Let $O(n)$ be the isometry group of an inner product space on $\mathbb{R}^n$ with the induced norm $||\cdot||$ and induced metric $d$. As a curiosity, is it possible to show that $O(n)$ has exactly two connected components and to characterize these, without using determinants?
One possible approach could be based on the Cartan-Dieudonne Theorem: we could try to show that isometries requiring an at most even vs. at most odd number of reflections across hyperplanes form two disjoint classes. There's a constructive proof of the theorem that doesn't use determinants here by Aragon-Gonzalez et al. Though I'm rather lost how to exactly carry out this procedure.
Here's one approach. By the spectral theorem, every orthogonal matrix $X$ has an orthonormal basis of eigenvectors $v_i$ over $\mathbb{C}$. By considering the action of $X$ on pairs $\{ v_i, \overline{v_i} \}$ you can show that this implies that $X$ is conjugate, in $O(n)$, to a block matrix whose blocks are $2 \times 2$ matrices in $O(2)$ or, when $n$ is odd, a $1 \times 1$ block with entries $\pm 1 \in O(1)$.

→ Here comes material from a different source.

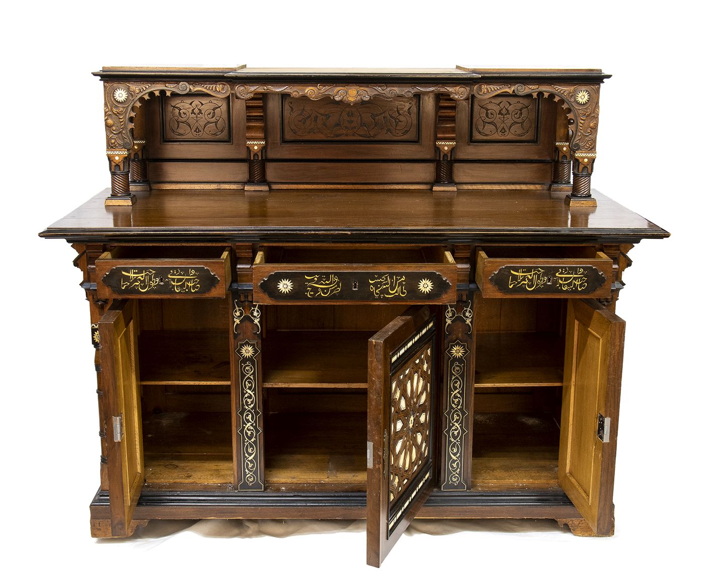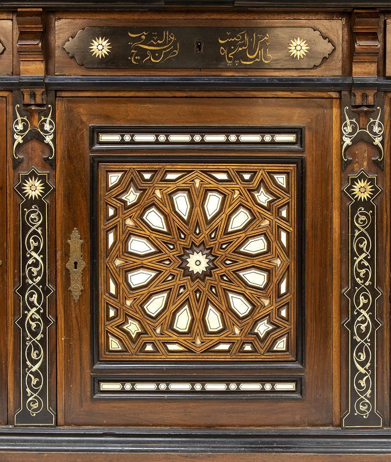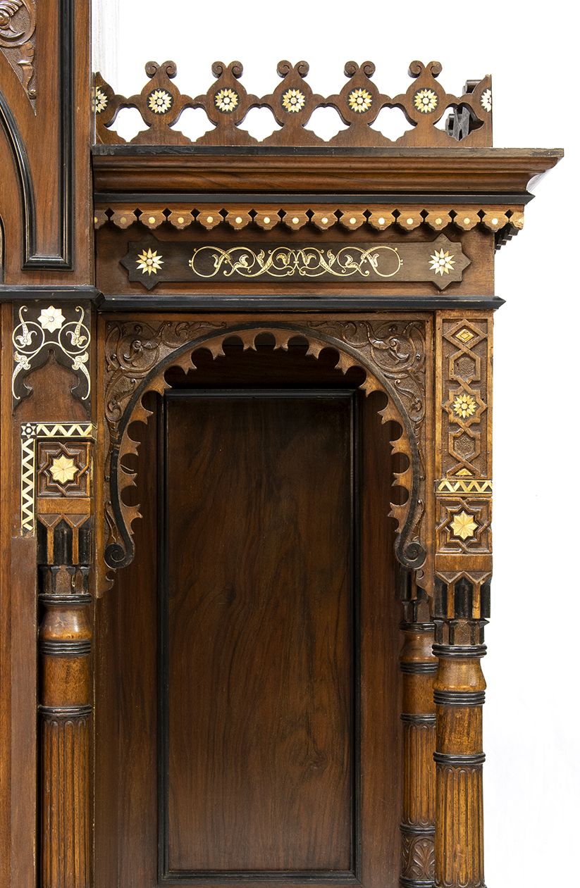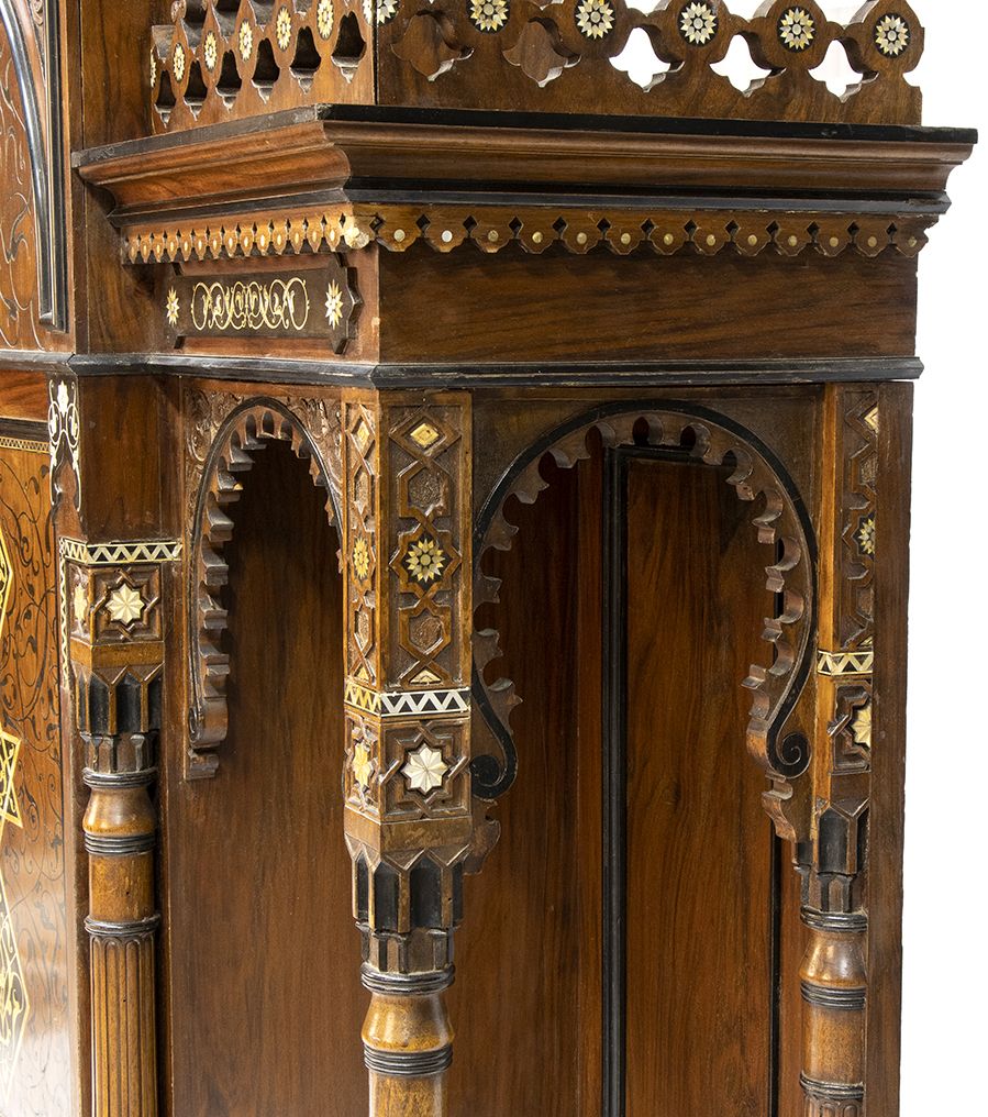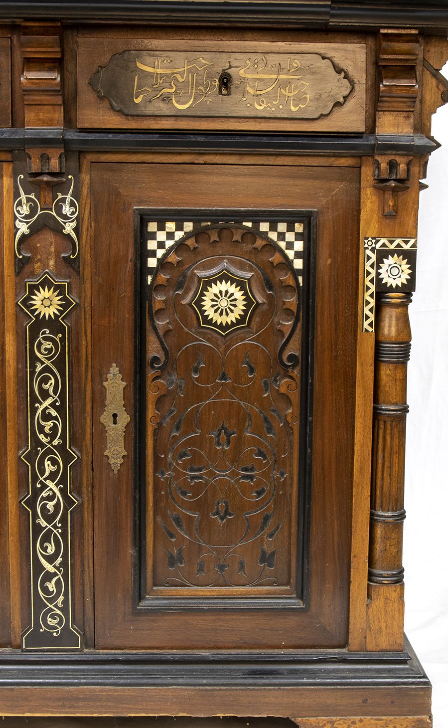 in noce con architettura orientaleggiante, intarsiata con motivi geometrici, arabeschi e scritte in arabo in legno di frutto e osso

Now $O(1) = \{ \pm 1 \}$ certainly two connected components. It's also not hard to see that $O(2)$ has two connected components given by the rotations and the reflections. Now we have a natural invariant of a block matrix as above to consider, which is the number of reflections that appear in it. You can show that a direct sum of two reflections is conjugate to a direct sum of two rotations, and consequently when $n \ge 3$ there are two cases:
Edit (9/11/19): Mea culpa; this argument is incomplete. It doesn't show that the reflections are actually disconnected from the rotations, just that there are at most two connected components. We can argue that the image of the exponential map generates the connected component of the identity, then try to show that the product of two rotations is another rotation, but I don't see a clean way to do this off the top of my head.
Here's another approach. The idea is to use inductively the action of $O(n)$ on the sphere $S^{n-1}$, which produces a sequence of fiber bundles
$$O(n-1) \to O(n) \to S^{n-1}.$$
Associated to each of these is a long exact sequence in homotopy
$$\dots \to \pi_1(S^{n-1}) \to \pi_0(O(n-1)) \to \pi_0(O(n)) \to \pi_0(S^{n-1})$$
which, using the fact that $S^{n-1}$ is simply connected for $n \ge 3$, implies that the map $\pi_0(O(n-1)) \to \pi_0(O(n))$ is an isomorphism for $n \ge 3$. Thus, as above, it suffices to check the number of connected components of $O(1)$ and $O(2)$ to get the result in general. (Usually these long exact sequences are used to compute the fundamental group and higher homotopy groups of the $O(n)$.)